This is accompany code associated with the paper submission 'SPEL: Software Tool for Porting ELM with OpenACC in a Function Unit Test Framework'. This software tool builds off of previous work done by Dali Wang and Yao Cindy to create a robust method for developing the E3SM Land Model (ELM) onto GPUs.

SPEL contains the folders:

./SourceFiles/: folder contains the ELM Fortran source files and the GPU-ready ELM test modules

./scripts/: folder contains SPEL Python scripts and few Fortran modules to generate ELM test modules

./modified-files/: folder created to hold optimized versions of source files -- created as neeeded

./scripts/script-output: created at first run to hold temporary files

./unit-tests/: Created at first run and will contain directories for all cases.

SPEL setup and instructions

Currently, these SPEL Python scripts are used to:

  • extract and prepare ELM files to run and compile without MPI and netcdf.
  • modify ELM routines to remove modules that cannot or are undesired to run on the GPU.
  • Perform automatic OpenACC acceleration using either the routine directive or parallel loop directives.
  • Understand code by generating simple call tree and dependency graph of the modules.
  • write Fortran routines to generate input/output needed to initialize variables and verify the results and a needed Makefile
  • Note: The current intended workflow is to generate a unit test with opt = False and then re-run with opt = True as desired. Currently, opt = True bypasses many of the other processing scripts as it is meant to be run multiple times as the user recognizes and resolves issues with the code.

Setup : In scripts directory, edit mod_config.py with specific file layout as needed and UnitTestforELM.py with a list of subroutines to parse (only parent subroutine needs to be listed) and a name for the case. While running with python3 UnitTestforELM.py, a directory will be created in ./unit-test/{casename} to contain the Function Unit Test program.
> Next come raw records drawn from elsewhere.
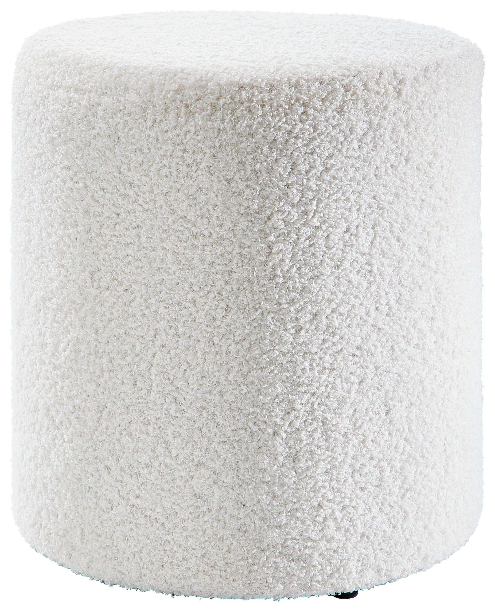 TABURET, textil, kompozitní dřevo, 35/36/35 cm – TYP:B413110-3, TEDDYVLIES WEIß – RUND, FÜßE KUNSTST. SCHWARZ – B/H/T: 35/35/33 CM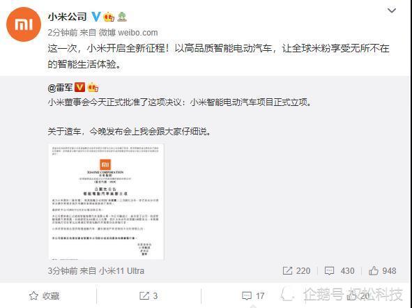 以上就是关于小米电动车的部分消息,相信看到这里有不少小伙伴都希望知道小米电动车的售价,根据权松科技得到的消息来看,小米电动车的首发售价将会是129999元到149999元,这样的价格也是目前中国电动车市场的主要销售区间,不知道这样的价格能不能获得用户的认可。同时根据传闻小米电动车最快会在2022年正式发布,预计2022年底交付,最终的时间还要等待小米发布会来宣布了。目前关于小米电动车的消息只有这么多,如果你想获取更多的科技资讯欢迎关注权松科技,我们将在这里等着你的到来。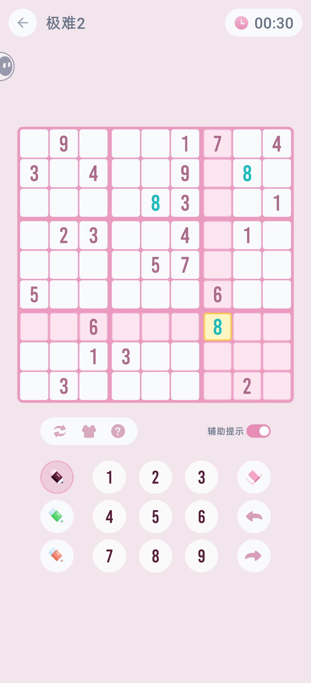 在手机低亮度的情况下不管是蓝色粉色还是黑色,选中图中的8时,其他的8颜色都很淡,很难和其他数字区别开来,就很难受的一点,被选中的数字和未被选中的数字颜色区别不是很大,很费眼睛,再改一改官方桑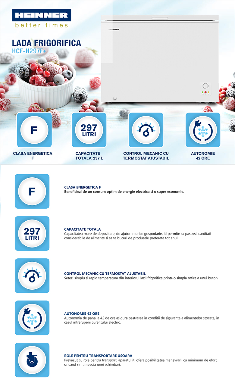 Lada frigorifica Heinner HCF-H297F+, capacitate: 297 L, clasa energetica: F, control mecanic, 2 cosuri, maner integrat, culoare: alb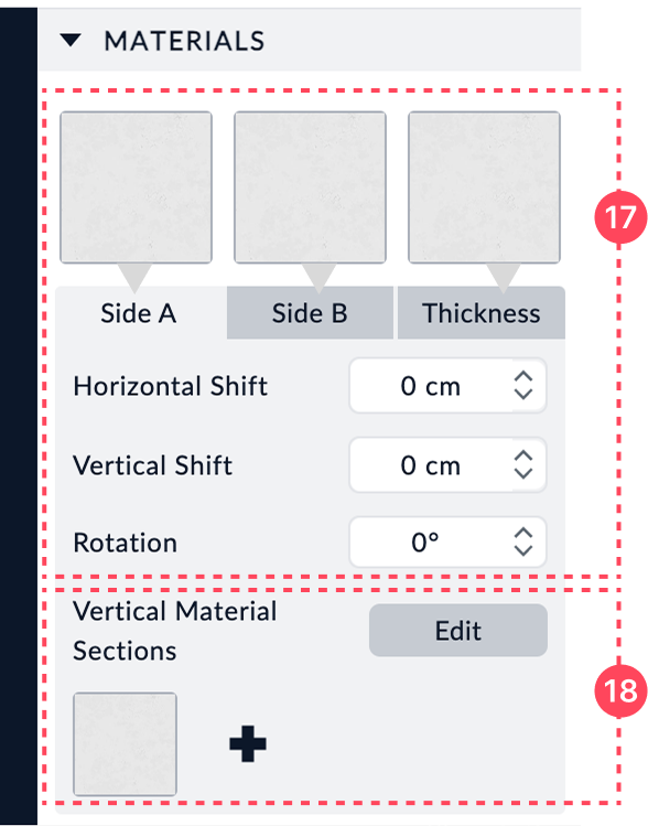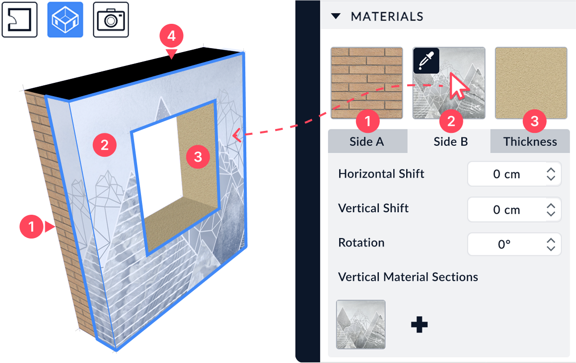 In addition to these main surfaces, you can apply specific materials to vertical sections of the wall using the Vertical Material Sections option.
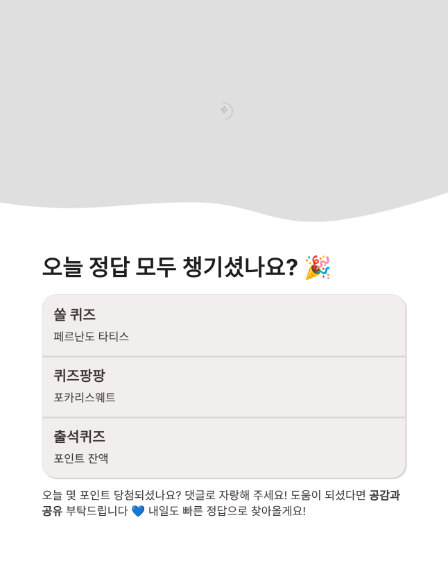 도움이 되셨다면 공감과 댓글 부탁드려요! 내일 아침에도 누구보다 빠르게 3월 14일 정답으로 찾아올게요.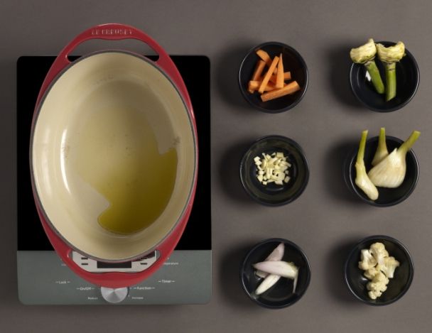 Faire chauffer 3 cuillerées à soupe d'huile d'olive dans une grande cocotte et faire revenir les carottes, l'ail, les échalotes, les artichauts, le fenouil, et le chou-fleur sans coloration.

A Makefile will automatically be generated for the chosen subroutines to test.
elm_initializeMod.F90 and main.F90 will be modified by the scripts to use and allocate only the variables that are needed.

readMod.F90, writeMod.F90, and verificationMod.F90 are generated by the scripts to create the appropriate I/O and validation functions. duplicationMod.F90 is generated to duplicate the same variables as many times as desired at run-time.

Get Reference Data: Compile ELM with writeMod.F90 and place subroutine write_vars() before subroutine used for the Unit Test.

In addition to the scripts, the main.F90 file was created to effectively replace the lnd_cpl_mct and elm_drv routines and is where all testing is done and configurations should be done.
Compilation of unit-test only requires NV Fortran compiler, CUDA 10+, and potentially LAPACK.

make command will create the elmtest.exe which is then run with ./elmtest.exe [numSetsOfSites] [clump-pproc] where numSetsOfSites controls the number of unique sites used for the reference output to be computed and clump-pproc (optional default = 1) are the number of clumps to have per mpi task.

The Makefile defaults to compiling with CPU-only and with debug mode. To change to OpenACC edit the Makefile to compile with FC_FLAGS_ACC

Unit Test Example:

mpirun -n1 ./elmtest.exe 2. ->> Perform a Unit Test for 2 sets of the 42 Ameriflux sites on one mpi task.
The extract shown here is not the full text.